Satu, dua, tiga, mungkin ada sekitar tujuh lemari berbahan kayu jati menghiasi rumah yang dibangun puluhan tahun lalu. Satu lemari di ruang kecil di tengah rumah, di dalamnya juga ada meja rias hitam dengan kaca besar, tampak sangat antik, laci-laci penuh dengan konde. Ya, pemiliknya perempuan yang hidup di zaman konde sedang naik daun. Tiga lemari lainnya menghiasi ruang keluarga dan ruang tamu, diisi dengan pecah belah antik, mulai dari yang berukuran kecil hingga sedang, guci-guci dengan ukiran sama dan berbagai ukuran disusun rapi. Di dalam lemari yang tertutup tersimpan rapat lusinan piring dengan tanda merah dibaliknya, penanda si pemilik piring, juga album-album foto, yang menjadi saksi banyak peristiwa.
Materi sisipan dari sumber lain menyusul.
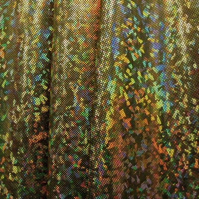 Gold Shattered Glass with Holographic Foil Spandex Fabric (4 Way Stretch/Per Yard)
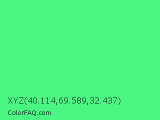 XYZ 40.114,69.589,32.437 Color is a light green color and the nearest color is Very Light Malachite Green #64e986. Hex code #4af782 and RGB value is rgb(74,247,130). In RGB color space, this color is composed of 29% red, 97% green, 51% blue, In CMYK color space, this color is composed of 70% cyan, 0% magenta, 47% yellow , 3% black , In HSL color space, this color has a hue angle of 139° , 92% saturation and 63% lightness.
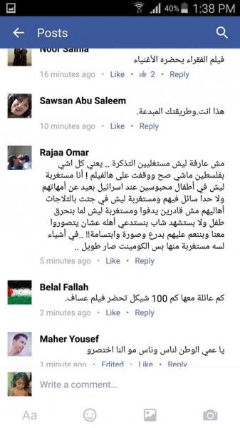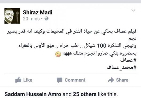 – shiras: فيلم عساف يحكي عن حياة الفقر في المخيمات، وتيجي سعر التذكرة 100 شيكل، طب حرام.. الأولى الفقراء يحضروا الفيلم بلكي صاروا نجوم مثلك.
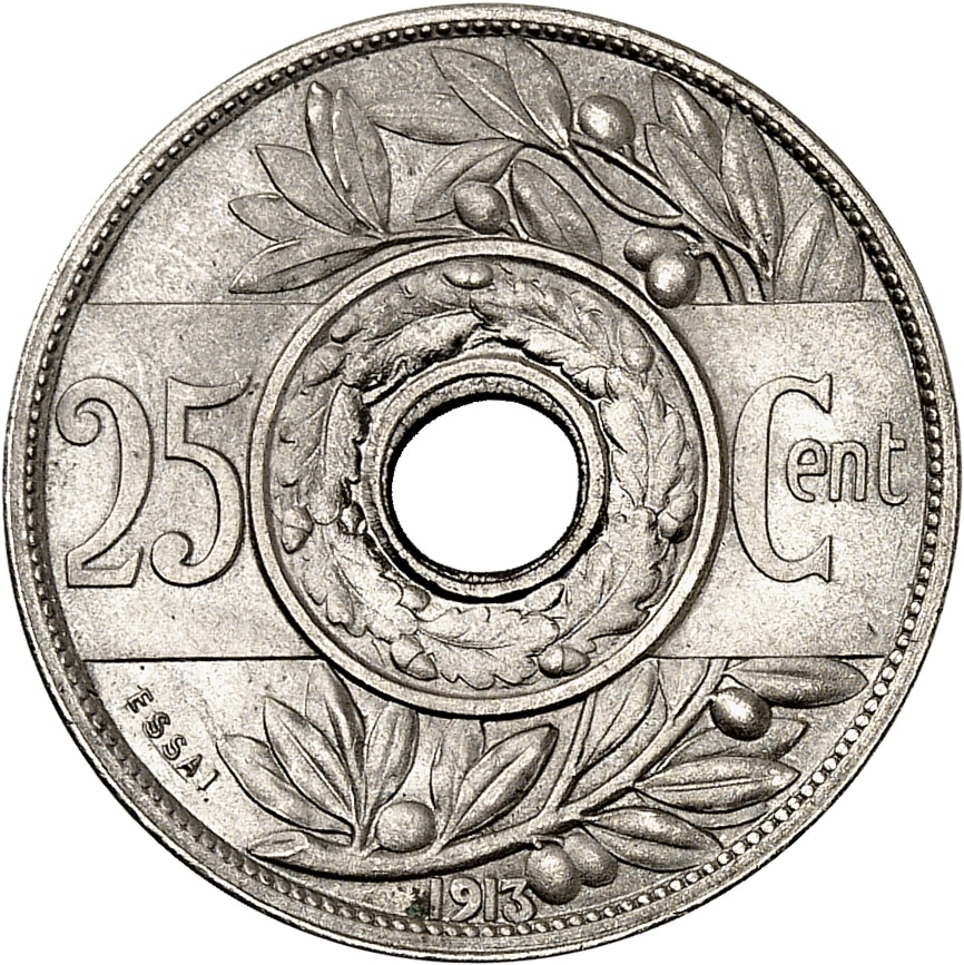 Rv. Sur une branche d’olivier, une bande centrale ornée de 25 - Cent autour de la perforation ronde centrale ; couronne de chêne autour de la perforation ; (date) à l’exergue ; en bas à gauche, ESSAI.

Di salah satu atas lemari, berjajar piala-piala penghargaan atas kemenangan.
Bukan nilainya, yang mungkin saja mahal karena terbuat dari kayu terbaik, atau pula kelangkaannya. Lemari-lemari itu adalah bentuk cinta seorang perempuan, yang sehari-hari mengasuh anak, menanti sang suami pulang bekerja. Ruang tamu yang dipenuhi oleh dua set kursi, bisa menampung sepuluh orang sekaligus, bisa duduk rapi di atas kursi. Di salah satu sisi dinding ruang tamu, satu keluaga dengan sepasang anak mantu, dan tiga anak lainnya, ditambah empat cucu yang lucu-lucu, tampak dalam sebuah bingkai besar yang diambil dua puluh enam tahun lalu. Diantara dua set kursi ada meja hitam kecil di atasnya satu pot bunga palsu dirangkai dengan cantik. Di rumah itu ada dua pot bunga palsu, yang beberapa bulan sekali dilepas, dicuci, dijemur, lalu dirangkai kembali.
Kolam ikan kecil sekaligus tempat penampungan air hujan sementara, serta dua petak tanah kecil yang ditumbuhi pohon nangka dan jambu yang selalu berbuah lebat, pohon nangka di sisi depan teras dan pohon jambu air di sisi kanan, bersebelahan langsung dengan kolam ikan, yang sesekali diisi dengan mujair, lele, atau ikan apapun. Tidak lupa, pot-pot tanaman hias mengelilingi dua pohon buah tersebut, jenisnya selalu berganti, mengikuti trend tanaman.
Rumah ini menjadi tempat singgah banyak sanak saudara, kebanyakan yang berasal dari daerah kelahiran sang pemilik, mungkin butuh untuk sekolah, berobat, mencari kerja, atau sekadar ingin berkunjung dan berlibur di ibukota provinsi. Biasanya mereka datang dengan membawa karung dan kardus berisi hasil panen, bisa beras, kopi yang masih berbentuk biji kering, cabai, dan berbagai macam sayur-mayur.
Hari-hari ramai akan tiba, sarapan dengan teh manis hangat, dan berbagai macam gorengan yang dibeli di tetangga dekat rumah. Obrolan-obrolan dengan bahasa daerah, mengenangkan satu persatu saudara atau tetangga, pembicaraan-pembicaraan serius. Tidak sedikit pula sanak saudara yang berkunjung untuk meminjam, entah uang entah emas simpanan, sesekali harus diikhlaskan untuk membantu.
Waktu berlalu, banyak sisi rumah yang dirombak, menyesuaikan keadaan dan kebutuhan. Ruang kecil yang penuh dengan tumpukan buku, dan barang-barang di dekat dapur, disulap menjadi kamar yang nyaman. Satu saringan air, yang memuat bebatuan, serabut, dll, dihilangkan, karena air pam sudah masuk. Sumur ditutup. Beberapa bagian rumah ditinggikan.
Penghuni rumah semakin tua, semakin dewasa, beberapa pergi, bahkan tak bisa kembali, begitu cepat. Hingga akhirnya, rumah dan lemari-lemari jati tidak terawat. Rusak di sana-sini. Terbengkalai bertahun-tahun, hingga akhirnya kabar itu ada, rumah sudah terjual. Bahkan lemari-lemari jati lebih dulu dijual.
Bukan hanya rumah, yang mungkin saja tak bisa lagi ditemui. Dilihat setiap sisinya, mungkin saja satu-dua kenangan akan memudar dan hilang. Tapi, semoga tidak, dengan hal-hal indah. Semoga si pemilik rumah, yang membangunnya dengan penuh cinta mengerti betapa anak-cucunya tak lagi kuasa menjaga cinta itu.